GIVEN MATERIAL
□ □ □ □ □
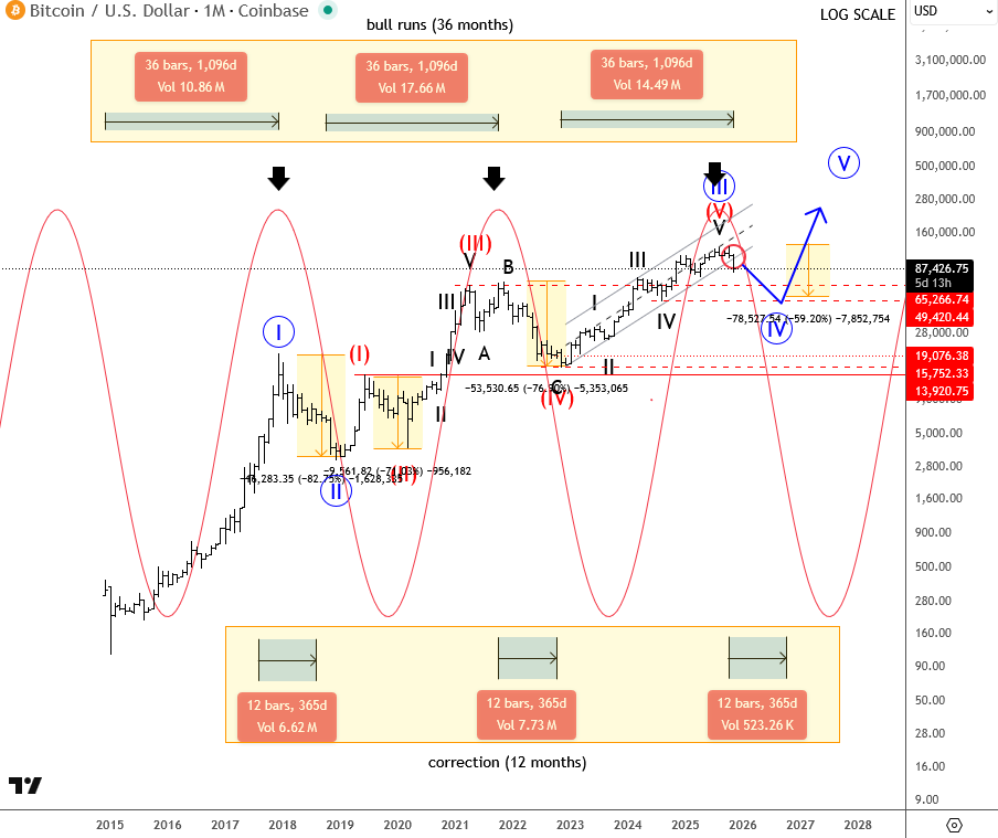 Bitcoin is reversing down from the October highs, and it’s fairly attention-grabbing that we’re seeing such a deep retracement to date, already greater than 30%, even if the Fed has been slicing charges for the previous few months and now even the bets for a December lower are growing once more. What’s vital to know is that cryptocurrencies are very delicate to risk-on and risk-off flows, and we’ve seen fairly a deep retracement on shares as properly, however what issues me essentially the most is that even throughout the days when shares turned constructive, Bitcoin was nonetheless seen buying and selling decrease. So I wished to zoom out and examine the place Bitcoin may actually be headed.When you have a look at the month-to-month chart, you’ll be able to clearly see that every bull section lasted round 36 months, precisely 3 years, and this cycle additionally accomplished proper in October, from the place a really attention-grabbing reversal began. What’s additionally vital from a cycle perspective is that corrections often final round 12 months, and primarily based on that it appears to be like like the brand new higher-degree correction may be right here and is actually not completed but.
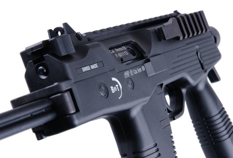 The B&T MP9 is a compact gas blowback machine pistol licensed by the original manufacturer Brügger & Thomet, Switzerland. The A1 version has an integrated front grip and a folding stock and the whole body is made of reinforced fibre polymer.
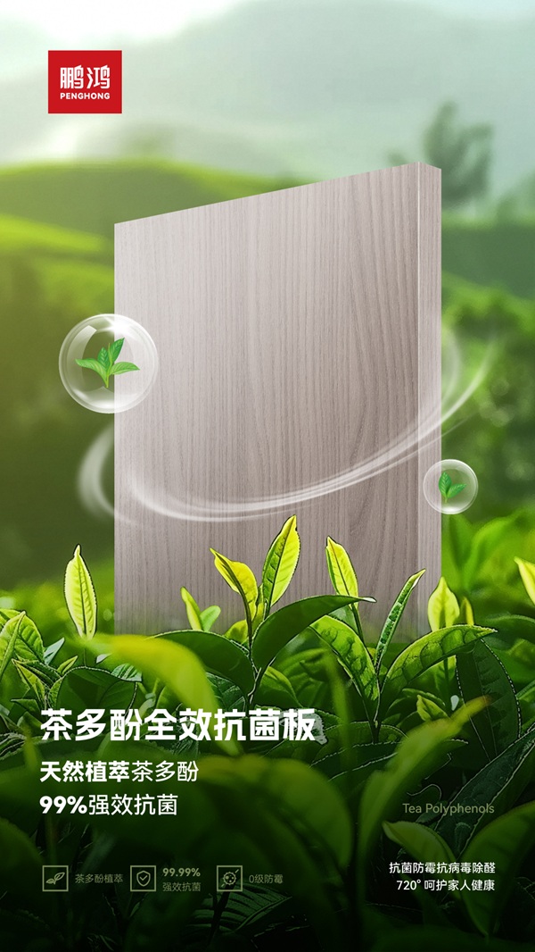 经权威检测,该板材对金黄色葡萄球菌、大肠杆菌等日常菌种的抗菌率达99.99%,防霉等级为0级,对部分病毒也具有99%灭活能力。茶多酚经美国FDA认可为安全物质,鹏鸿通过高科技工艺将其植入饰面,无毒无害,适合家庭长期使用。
□ □ □ □ □
WHAT NEEDS TO BE DONE
Recopy the whole listing above precisely, excluding images.

EXPECTED ANSWER
 Bitcoin is reversing down from the October highs, and it’s fairly attention-grabbing that we’re seeing such a deep retracement to date, already greater than 30%, even if the Fed has been slicing charges for the previous few months and now even the bets for a December lower are growing once more. What’s vital to know is that cryptocurrencies are very delicate to risk-on and risk-off flows, and we’ve seen fairly a deep retracement on shares as properly, however what issues me essentially the most is that even throughout the days when shares turned constructive, Bitcoin was nonetheless seen buying and selling decrease. So I wished to zoom out and examine the place Bitcoin may actually be headed.When you have a look at the month-to-month chart, you’ll be able to clearly see that every bull section lasted round 36 months, precisely 3 years, and this cycle additionally accomplished proper in October, from the place a really attention-grabbing reversal began. What’s additionally vital from a cycle perspective is that corrections often final round 12 months, and primarily based on that it appears to be like like the brand new higher-degree correction may be right here and is actually not completed but.
 The B&T MP9 is a compact gas blowback machine pistol licensed by the original manufacturer Brügger & Thomet, Switzerland. The A1 version has an integrated front grip and a folding stock and the whole body is made of reinforced fibre polymer.
 经权威检测,该板材对金黄色葡萄球菌、大肠杆菌等日常菌种的抗菌率达99.99%,防霉等级为0级,对部分病毒也具有99%灭活能力。茶多酚经美国FDA认可为安全物质,鹏鸿通过高科技工艺将其植入饰面,无毒无害,适合家庭长期使用。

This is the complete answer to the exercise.